> [What you are asked to do] Please, from the entries below, transcribe exactly the lines that begin at the line with "Diese Kunststoffkette für" and end at the line with "定番のスキニーパンツデザインでウエストはゆったりゴム仕様", without the pictures.

> [Input]
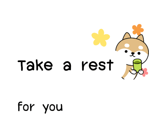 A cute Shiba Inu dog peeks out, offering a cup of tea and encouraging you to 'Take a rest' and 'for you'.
...
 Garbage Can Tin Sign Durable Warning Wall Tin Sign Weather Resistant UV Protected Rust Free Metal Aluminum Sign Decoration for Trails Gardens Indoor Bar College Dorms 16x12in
--
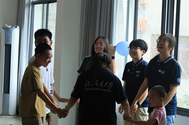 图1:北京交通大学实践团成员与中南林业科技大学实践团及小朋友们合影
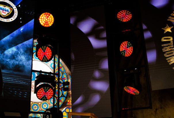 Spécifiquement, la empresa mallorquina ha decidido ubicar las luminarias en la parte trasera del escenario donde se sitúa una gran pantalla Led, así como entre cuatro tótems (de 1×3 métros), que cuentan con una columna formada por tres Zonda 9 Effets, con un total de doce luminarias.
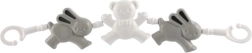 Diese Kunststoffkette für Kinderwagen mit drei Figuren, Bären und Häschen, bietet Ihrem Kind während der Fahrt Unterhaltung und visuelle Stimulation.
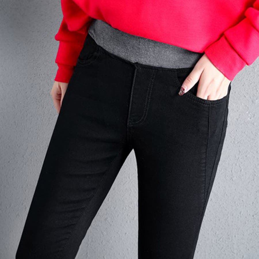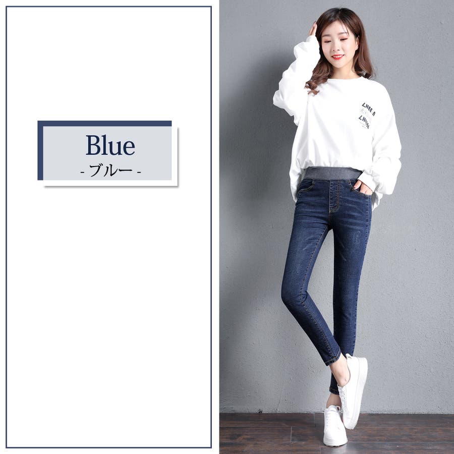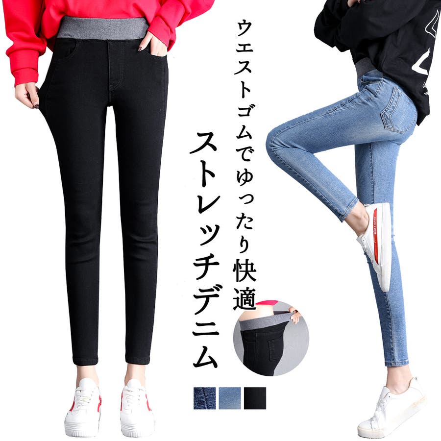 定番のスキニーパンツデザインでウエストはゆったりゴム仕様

> [Task answer]
 Diese Kunststoffkette für Kinderwagen mit drei Figuren, Bären und Häschen, bietet Ihrem Kind während der Fahrt Unterhaltung und visuelle Stimulation.
 定番のスキニーパンツデザインでウエストはゆったりゴム仕様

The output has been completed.